With the loss of all-stars Morgan Hooe and Erin Braun, UAA volleyball head coach Chris Green made up the difference with the addition of five new players, two of which have been already practicing with the Seawolves this spring.

The previous two signees for the team included Casey Davenport and Jalisa Ingram. Davenport will be a freshman coming from Auburn, WA and Ingram also a true freshman coming from Flagstaff, AZ.

The first addition is a local from Anchorage who graduated from Dimond High School. Anjoilyn Vreeland was a four year letter awardee on Dimond’s volleyball team, along with current UAA Seawolf and former Dimond Lynx player Leah Swiss. In high school, Vreeland was able to help her team to all four 4-A State Title matches in her career, as well as the championships in 2012 and 2015.

After graduating from Dimond and before coming to play at UAA, Vreeland spent a year in Pendleton, Oregon. She played at Blue Mountain Community College where she average 3.08 digs per set.

Vreeland is currently joined by another newcomer who has already been practicing with the Seawolves. Tara Melton also started her collegiate volleyball career away from UAA before transferring. In Arizona at Glendale Community College, Melton spent two years playing for the team as a middle blocker and right-side hitter.

Green is exceptionally optimistic about the future of the team with Melton. She was able to already play at a competitive level and show her future potential.

The 6-foot-1-inch Melton was also named to the 2016 National Junior Collegiate Athletic Association First Team All-American. She boasted 3.05 kills per set and 0.78 blocks per set in 2016, a switch from her averages in 2015 at 2.03 and 0.83, respectively.

With those, Melton was ranked third nationally in attack percentages, which helped her team to a national third-place in 2015 as well at a 54-8 record during her career there.

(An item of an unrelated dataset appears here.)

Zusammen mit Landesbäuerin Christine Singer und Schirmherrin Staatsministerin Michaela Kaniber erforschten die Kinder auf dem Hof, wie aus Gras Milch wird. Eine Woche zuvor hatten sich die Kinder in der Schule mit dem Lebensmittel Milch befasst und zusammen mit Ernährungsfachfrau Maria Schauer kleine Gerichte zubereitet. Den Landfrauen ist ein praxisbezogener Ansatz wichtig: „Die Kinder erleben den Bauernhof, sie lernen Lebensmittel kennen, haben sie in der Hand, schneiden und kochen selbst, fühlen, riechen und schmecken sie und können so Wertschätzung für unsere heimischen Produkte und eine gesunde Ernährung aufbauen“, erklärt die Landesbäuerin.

“[She] played at the highest level in junior college and proved she can be an elite offensive performer,” Green said.

The final addition to the team is a true freshman from thousands of miles away. Vera Pluharova is traveling to UAA all the way from Nechanice, Czech Republic.

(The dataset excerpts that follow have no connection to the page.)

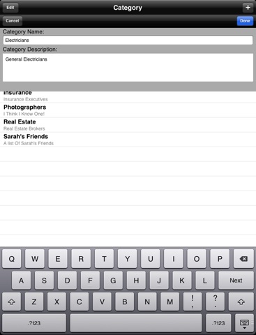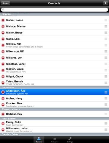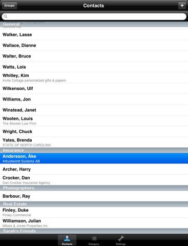 This application sort your standard IOS Address book into Categories.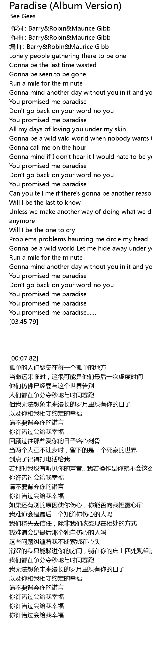 | [00:00.000] | 作词 : Barry&Robin&Maurice Gibb |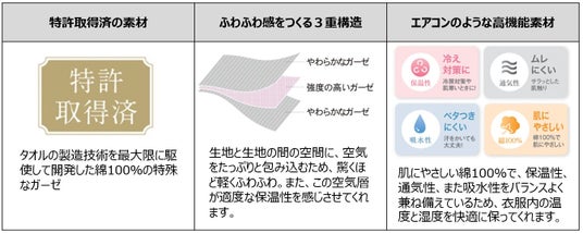 驚くほどの軽さと柔らかさが心地よさを生むだけではなく、高い吸湿・吸水性を備え、汗や水分を素早く吸収して肌を常に快適な状態に保ちます。また、敏感肌の方や赤ちゃんにも安心して使用できる低刺激性を兼ね備えており、すべての工程で使い手の肌への優しさが追求されていることも評価につながりました。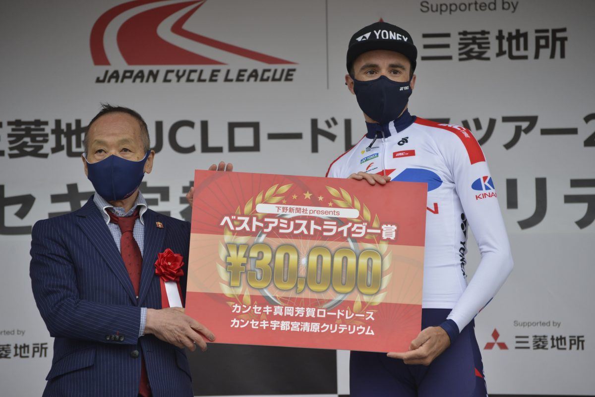 小野寺に勝ってほしかったので、少しずつスプリントの方に流れを持っていって、手繰り寄せていけたのが良かったと思います。最後は自分の余力を計算して先頭を引きました。思いのほか序盤から後半までずっと激しい展開だったので、(ライバルは)みんな脚も消耗していたのかなというところもありますし、その中でうまく動けたというのは、自分の調子が良い証拠だなと感じました。リーダージャージは守るということは全く考えてなく、これにあまり固執してしまうとチームのための走りもできなくなりますし、それでもチーム一丸となって頑張った結果としてこれを着ることになって、それはそれで嬉しく思っています。自分たちはこの結果に満足せず、次のレースまで期間が空きますが、プラスに捉えてより厳しいトレーニングを積んで、またチーム皆で調子を上げていけたらと思います。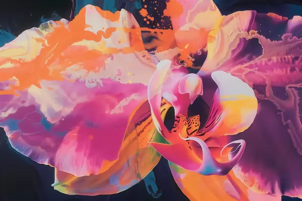 Фотошпалери Яскрава абстрактна квітка орхідеї з насиченими кольорами та динамічними формами у стилі акварелі w09855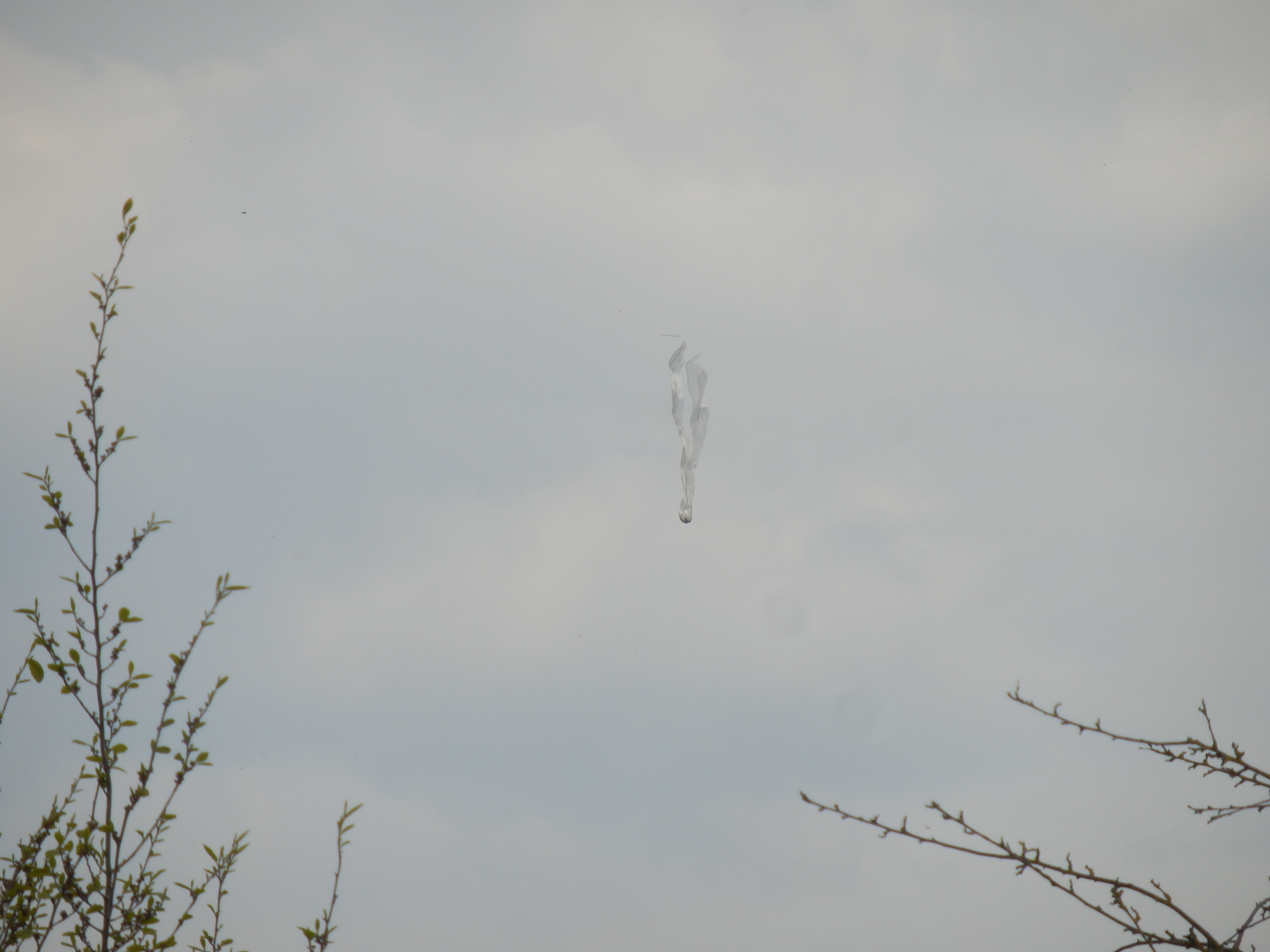 Het object bewoog zich vallend naar de grond op grotere afstand. Moeilijk in te schatten deze afstand. Misschien plaats Boekel. Zie bijgaande foto's. De witte stoffen aan de bovenzijde wapperden als vlaggen. Zie redelijk goed in te zoomen foto's. Misschien een kapot gegane weerballon, vliegbasis Volkel? Ik roep maar wat.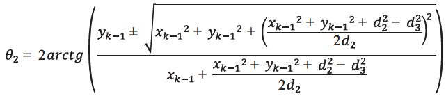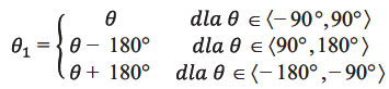 Kąt obrotu pierwszego przegubu θ1 dany jest wzorem: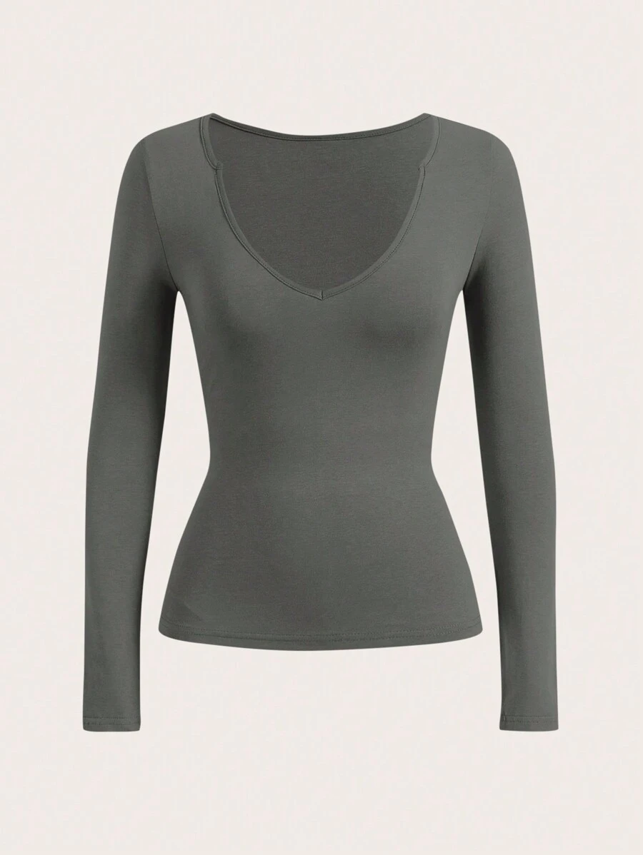 SHEIN BASICS Women's V-Neck Long Sleeve T-Shirt

Pluharova was familiar with the Seawolves long before she signed to the team. Due to being a member of the TJ Slavia Hradec Kralove club team, she was able to play against the Seawolves during their 2015 European summer tour and get a glimpse of what a future at UAA looked like.

In addition, it gave Green an insight into her playing ability.

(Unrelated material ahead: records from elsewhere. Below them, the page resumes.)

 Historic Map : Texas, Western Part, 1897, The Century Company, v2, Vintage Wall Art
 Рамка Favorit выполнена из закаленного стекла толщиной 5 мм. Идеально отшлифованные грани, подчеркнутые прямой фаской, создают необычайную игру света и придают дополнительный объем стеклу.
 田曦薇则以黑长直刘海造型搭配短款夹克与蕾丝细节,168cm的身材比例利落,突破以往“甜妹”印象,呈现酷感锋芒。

“[She] has been very impressive in the back row this spring and comes from elite high school and club programs, so we are confident she will add great depth,” Green said.

With the official announcements of these five new volleyball players, they are the first additions to the UAA athletic community, with skiing coming second after the official signing of two skiers.

Skiing 2017-18

The alpine ski team lost all four of the total graduating seniors, despite that, head Nordic coach Andrew Kastning was the first to announce his additions on the Nordic side.

Kastning was grateful for the new additions; both being current Alaskan residents. One from Colony High School and the other from West Valley High, they both have excelled in the sport they just signed the national letter of intent for.

“Both [recruits] represent the very best of their respective ski clubs and it is always a big recruiting goal to have the best Alaskans join our team,” Kastning said.

Tracen Knopp is one of the two, and has competed in numerous ski races that ranked him as one of the best, as well as competing in cross country running in the fall.

During his senior year, Knopp took 27th at Junior Nationals in the 15K classic, as well as ranking sixth at the ASAA Skimeister standings. In addition, he placed fifth in the final Besh Cup standings.

To add to the female Nordic team, Jenna DiFolco signed her national letter of intent. As far as Besh Cup standings, DiFolco came out ranked No. 1 for women under 18.

In the ASAA Skimeister standings, she placed third, and at Junior Nationals she competed in two events, placing in the top 25 for both.

Both have shown obvious potential and ability to transition into a collegiate career of skiing, and according to Kastning, they will have years to continue to improve and grow.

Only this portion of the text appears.